The counts will not be official until at least the end of May, but it is already clear that Ferdinand “Bongbong” Marcos Jr. is on his way to Malacañang. The son and namesake of the late dictator is leading with a landslide figure of over 31 million votes, double of second placer Vice President Leni Robredo’s 15 million.
Not even incumbent President Rodrigo Duterte had that much support when he swept the 2016 elections with 16 million votes. But the victories of both Duterte and Marcos Jr. have a common facet—they both won the “war” on social media. While most of what is known in electoral politics remains textbook, Duterte’s online campaign was seen as a prototype for the novel social media machinery that strengthened a Marcos back into power.
Social media—the ‘hip’ new place for campaigning
After the COVID-19 pandemic forced the world into lockdown, social media use in the Philippines soared dramatically to levels that some experts have even called “problematic”. It has then become ripe ground for a wide range of audiences when looking to get a word out.
Francis Dee, former assistant professor of the Department of Political Science at the University of the Philippines, says electoral campaigns in the Philippines have recently spread out to three “theaters of war”.
“You have the air war, which is broadcast media,” says Dee ahead of the crucial May 9 voting. “You have the ground war, which is actual physical campaigning, and then you have the online war, which is this new thing that’s been around since, technically, 2010, but only started really becoming super impactful in this last election of 2016.”
Broadcast media used to be the main campaign strategy for candidates, accompanied by on-ground efforts, says Gerardo Eusebio, professorial lecturer at the Department of Political Science. “But now, media is divided between social media and the mainstream media,” he adds. Most of these “mainstream media”—which includes traditional platforms like newspapers, television, and radio—have been out of vogue and replaced by the convenience of the internet.
Assemblies and house-to-house campaigns, some common practices of ground campaigning, can only do so much for national candidates, according to Eusebio. “If you really just rely on it for its value, like how you go to the small streets and knock on every door, kaunti lang ang makukuha mong boto roon,” he says.
(That will only get you a meager amount of votes.)
“However, if you project house-to-house campaigning through social media, national candidates can tap more voters,” Eusebio adds.
On-ground campaign is king…supposedly
Dee, meanwhile, is skeptical about the magnitude of online platforms’ influence in this year’s elections. “I’m sort of settled on the position that…its importance was a bit overblown in 2016,” he says, referring to Duterte’s presidential win, which is popularly thought to have been bolstered by social media.

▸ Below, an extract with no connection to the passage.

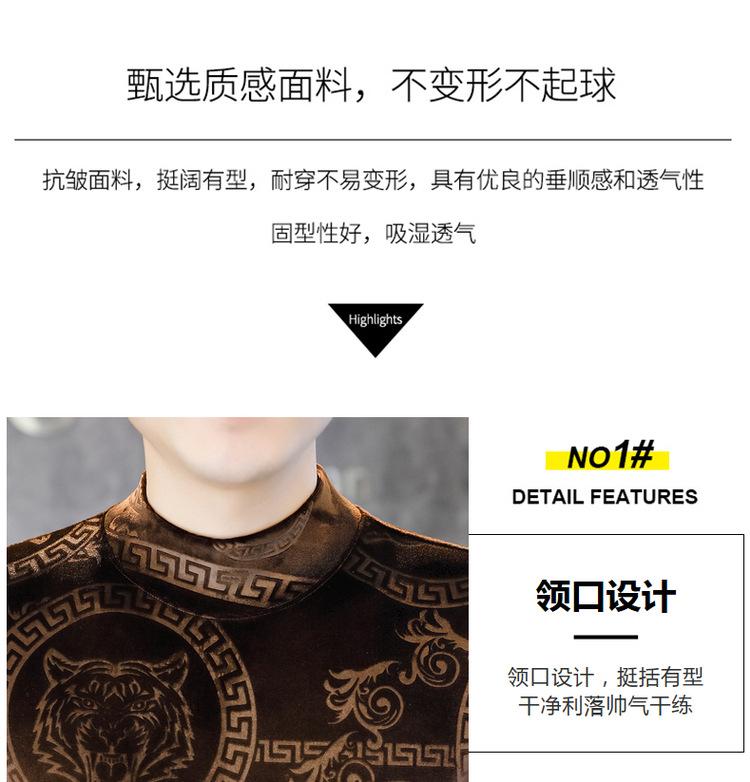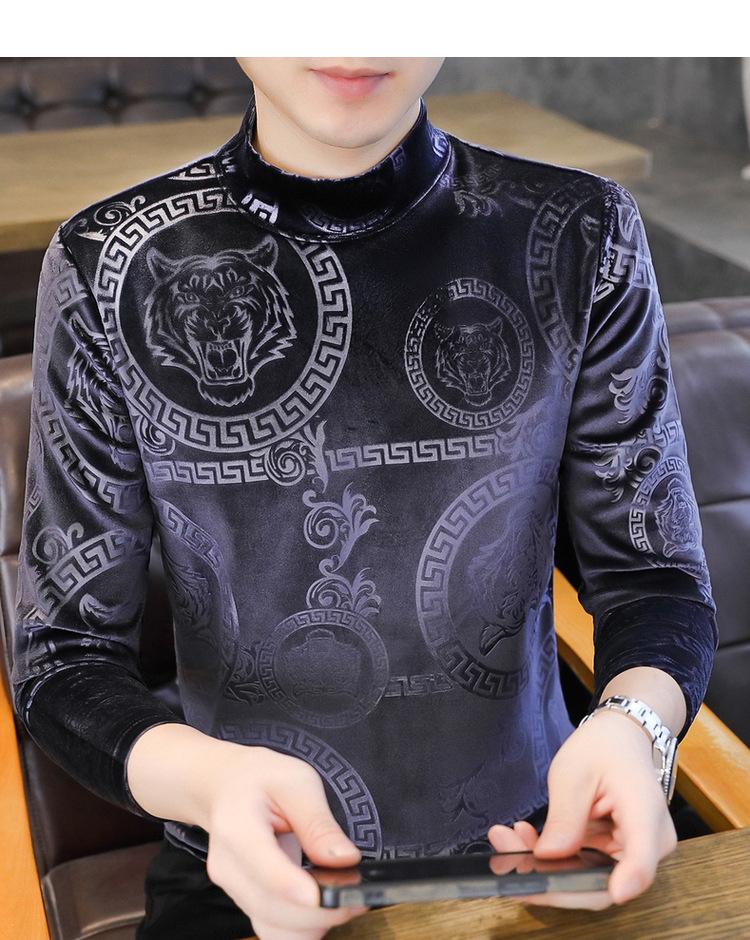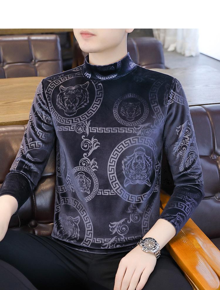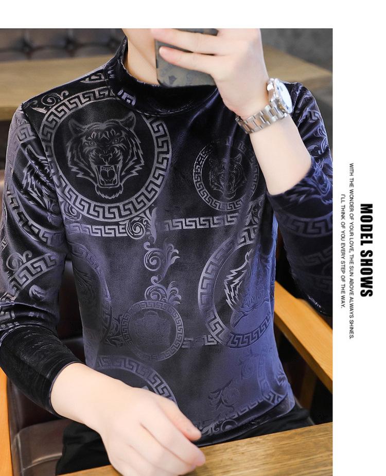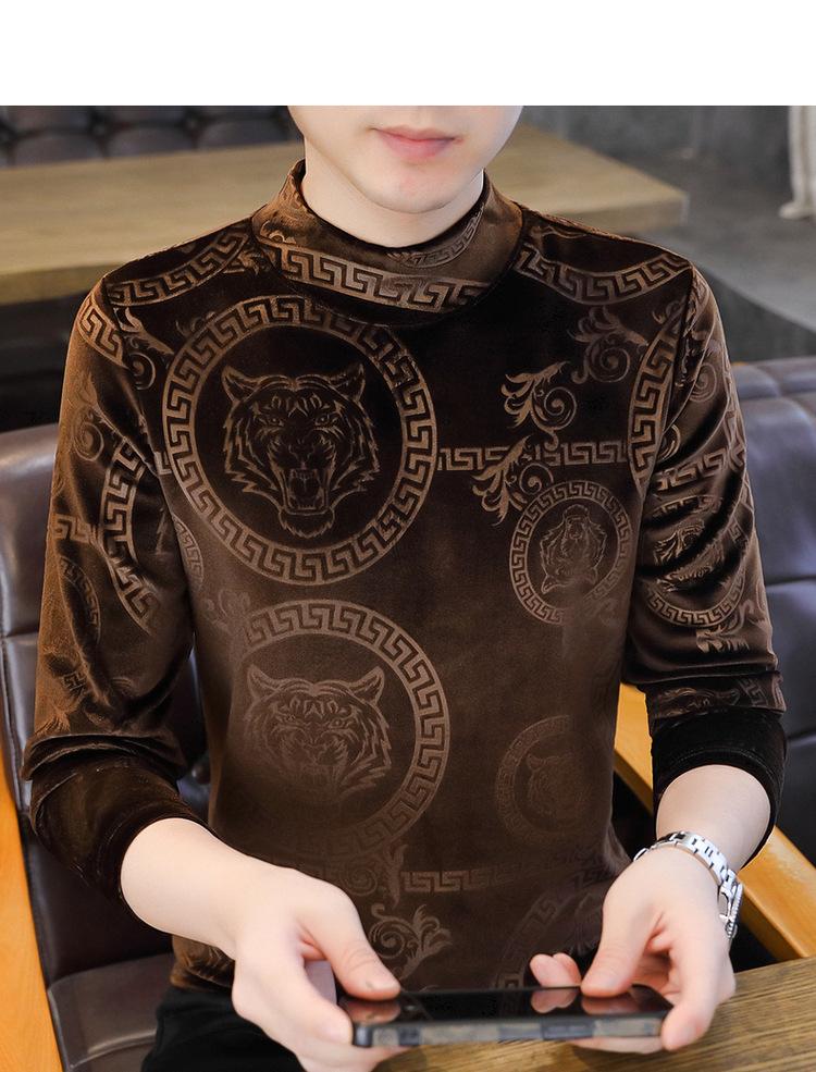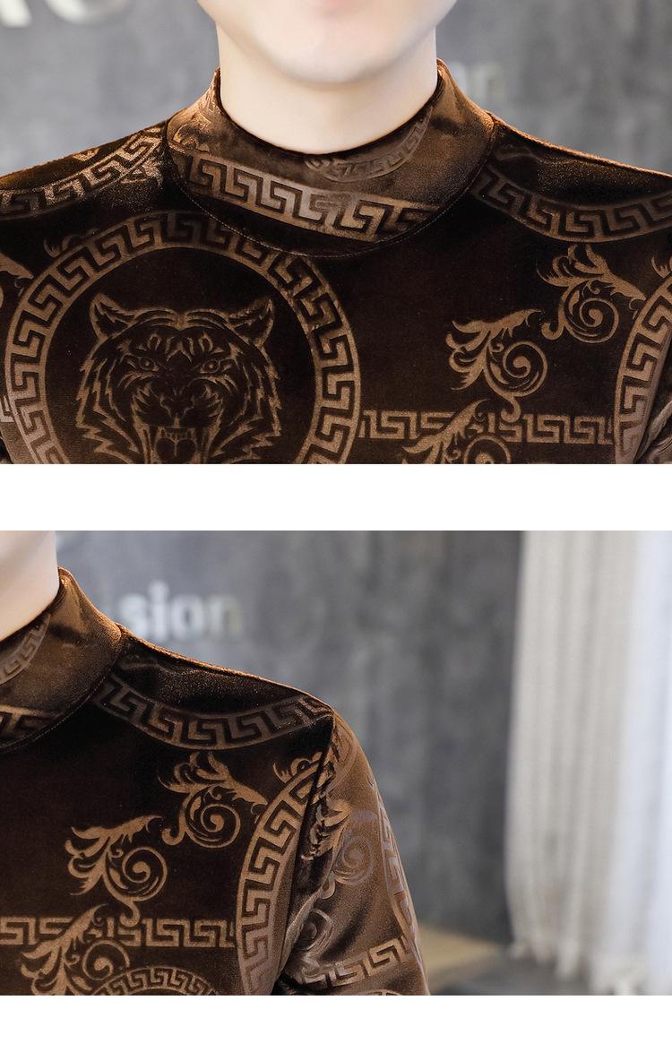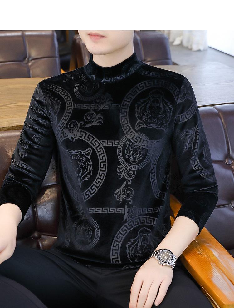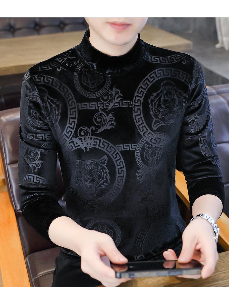 Suéter de manga larga de cuello medio de terciopelo dorado para otoño e invierno, nueva marca de moda para hombre, camiseta de cuello alto cálida y gruesa, camisa de fondo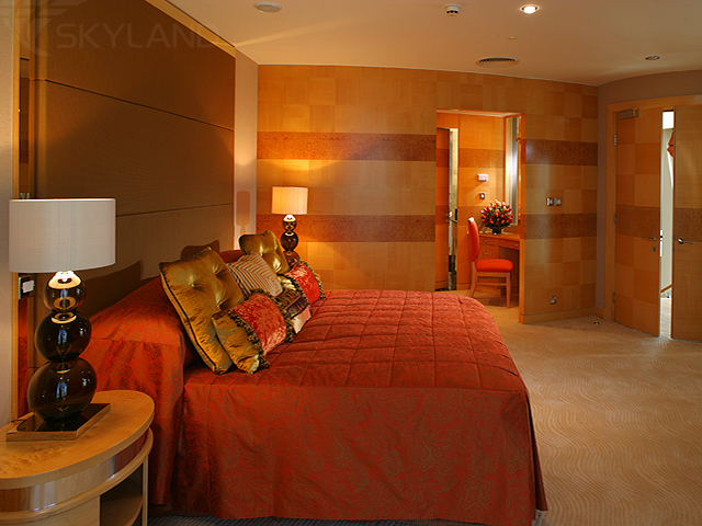 1 Royal Suite (216 кв.м) – роскошный номер с одной спальней с ванной комнатой с ванной и душевой кабиной, холл, просторная гостиная со столовой зоной на 4 персоны, 2 мини-барами и барной стойкой, а также большой солнечной террасой с захватывающим видом на Залив.

“While it was President Duterte making a big splash online during the campaign period [that] definitely led him to winning, that had to pass through several steps of traditional campaigning.”

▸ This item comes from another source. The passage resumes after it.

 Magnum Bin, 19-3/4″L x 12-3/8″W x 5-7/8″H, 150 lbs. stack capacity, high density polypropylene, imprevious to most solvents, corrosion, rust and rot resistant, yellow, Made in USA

Department of Political Science Associate Professor Dr. Cleo Anne Calimbahin stresses the importance of physical campaigning, especially in local politics. “Given the nature of Filipino voters, social media, for now, does not diminish the need for face-to-face [or] on-the-ground campaigns,” she says.
Although all three theaters of war are relevant, Calimbahin highlights that it is the ground war that most effectively convinces voters. Aside from electoral support, national-level politicians also seek the support of local candidates as a means to amplify their presence to voters in various districts.
Eusebio, a campaign strategist, echoes this sentiment, saying the ground war and the air war are crucial to getting voters that the internet cannot reach. It also allows the candidate to have intimacy with voters, he says, adding that it is “very effective because it brings that candidate to the hearts of the people.”
Fighting the online war ahead of everyone
While many political experts swear by the importance of on-ground campaigning, Marcos did not have to be the best in it to secure a landslide victory.
“They seem to be doing very different things,” Dee comments on the social media strategies of Marcos and Robredo.
In a February report, the Philippine Center for Investigative Journalism found that Robredo topped all candidates on Facebook ad spending with P14.1 million spent since August 2020. But this helped put her only in second place on surveys, far behind Marcos who has not recorded any ad spending as per the report.
“They seem to know where to allocate their money, where there’s more bang for their buck than where other candidates—Vice President Robredo included—are spending,” Dee says of the Marcos campaign. To other analysts, it appears Marcos’ team found “more bang for their buck” with a years-long disinformation campaign on the internet built on pro-Marcos propaganda.
With educators warning that this period in history was not thoroughly taught in schools, people became vulnerable to being exploited by videos on Facebook, TikTok, and YouTube that painted the older Marcos’ regime as a “golden era” of prosperity and security.
Combine this with decades of frustration over the failures of previous administrations—a soft spot that Duterte had used to make himself a loved populist—and an internet-propelled nostalgia for the Marcos Sr. period can make people happy to elect Marcos Jr. for a change.
EDITOR’S NOTE: May 20, 2021
The original version of this article was published with a typographical error in Dr. Calimbahin’s name. The publication apologizes for this error.